Structured Light vs. Laser Triangulation for 3D Scanning and Inspection

When planning the implementation of a 3D inspection system, one of the first questions that has to be answered is which type of 3D sensing technology to use: structured light or laser triangulation (a.k.a. laser line profiling). Ultimately, the decision should be made based on key factors related to the individual application in question.

Object Motion Considerations

Structured light is the optimal solution when the object is stationary at the point of inspection.

Structured light scanners take a sequence of images with different patterns of light projected onto the object surface in order to create a full 3D point cloud of the stationary object geometry. If the object moves significantly during the data acquisition process, errors in results can occur.

Structured Light Technology In Action

Structured Light Technology Scanning a Stationary Target

Laser line triangulation is the optimal solution when the target object is in motion, as on a conveyor or transfer line.

Laser line triangulation scanners collect a series of profiles from the laser line as the object moves past the sensor’s field-of-view. 3D smart sensors with built-in software can then be used to automatically assemble the multiple profiles into a complete 3D map of the object surface.
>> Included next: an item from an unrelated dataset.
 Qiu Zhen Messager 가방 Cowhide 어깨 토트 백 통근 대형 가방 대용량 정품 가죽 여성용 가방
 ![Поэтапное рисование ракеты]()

If the object transfer speed is precisely uniform, a time-based sampling can be used. When the object transfer speed is not uniform you can eliminate errors from varying object motion speed by using an encoder to monitor part motion.

Laser Line Profiling Technology

Laser Triangulation Technology Scanning a Moving Target

To simplify system integration, 3D smart sensors offer a direct encoder input and built-in software that can be configured with just a few clicks from your browser –– allowing you to select the desired profile sample spacing.
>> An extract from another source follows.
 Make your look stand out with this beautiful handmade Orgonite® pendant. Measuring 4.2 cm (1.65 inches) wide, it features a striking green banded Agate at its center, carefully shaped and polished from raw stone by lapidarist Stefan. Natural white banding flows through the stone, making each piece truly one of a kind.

Ambient Light Considerations

Ambient light in the manufacturing environment (e.g., near windows) can vary significantly and is not subject to control. This can dramatically affect the performance of improperly designed or implemented 3D sensors and provide erroneous measurements or potentially no data at all.
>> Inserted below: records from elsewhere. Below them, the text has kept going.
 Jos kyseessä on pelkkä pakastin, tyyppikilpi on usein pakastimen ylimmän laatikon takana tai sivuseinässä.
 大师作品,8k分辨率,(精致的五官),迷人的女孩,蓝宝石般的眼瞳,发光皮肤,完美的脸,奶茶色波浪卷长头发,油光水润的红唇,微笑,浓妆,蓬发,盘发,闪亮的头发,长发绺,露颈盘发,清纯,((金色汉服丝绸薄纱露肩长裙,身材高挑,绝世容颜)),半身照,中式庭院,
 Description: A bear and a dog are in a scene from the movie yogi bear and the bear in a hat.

How a sensor performs in ambient light conditions is especially important in applications subject to direct sunlight, such as profiling roads or digitizing 3D dimensions of logs and lumber in open mills.

Laser Line Scanning Used in Mills

In ambient light applications, high power laser triangulation sensors are the optimal solution. Lasers by definition project a very specific and narrow wavelength, which means they can use a narrow bandwidth optical filer positioned in front of the imager to effectively eliminate ambient light.

LED vs Laser Projection Safety Issues

Structured light sensors largely use LED illumination, which present no safety issues.

On the other hand, laser triangulation sensors use laser illumination, which means there is a potential risk of eye damage (depending on laser class). Higher laser power improves ambient light performance and provides shorter exposure time for higher speed scanning. However, higher laser power also increases safety concerns.

For sub-micron applications, LED structured light sensors are preferred, since laser triangulation sensors produce laser speckle that prevents scanning at the sub-micron level.

Sensor Set Up Considerations

Configuring a structured light sensor for a specific application is in some respects a simple process. The target object is stationary while parameters such as exposure, filtering and analysis settings are optimized, with a full 3D point cloud acquired in a single snapshot.

Conversely, since laser triangulation sensors require part movement, objects must be returned for each measurement sequence.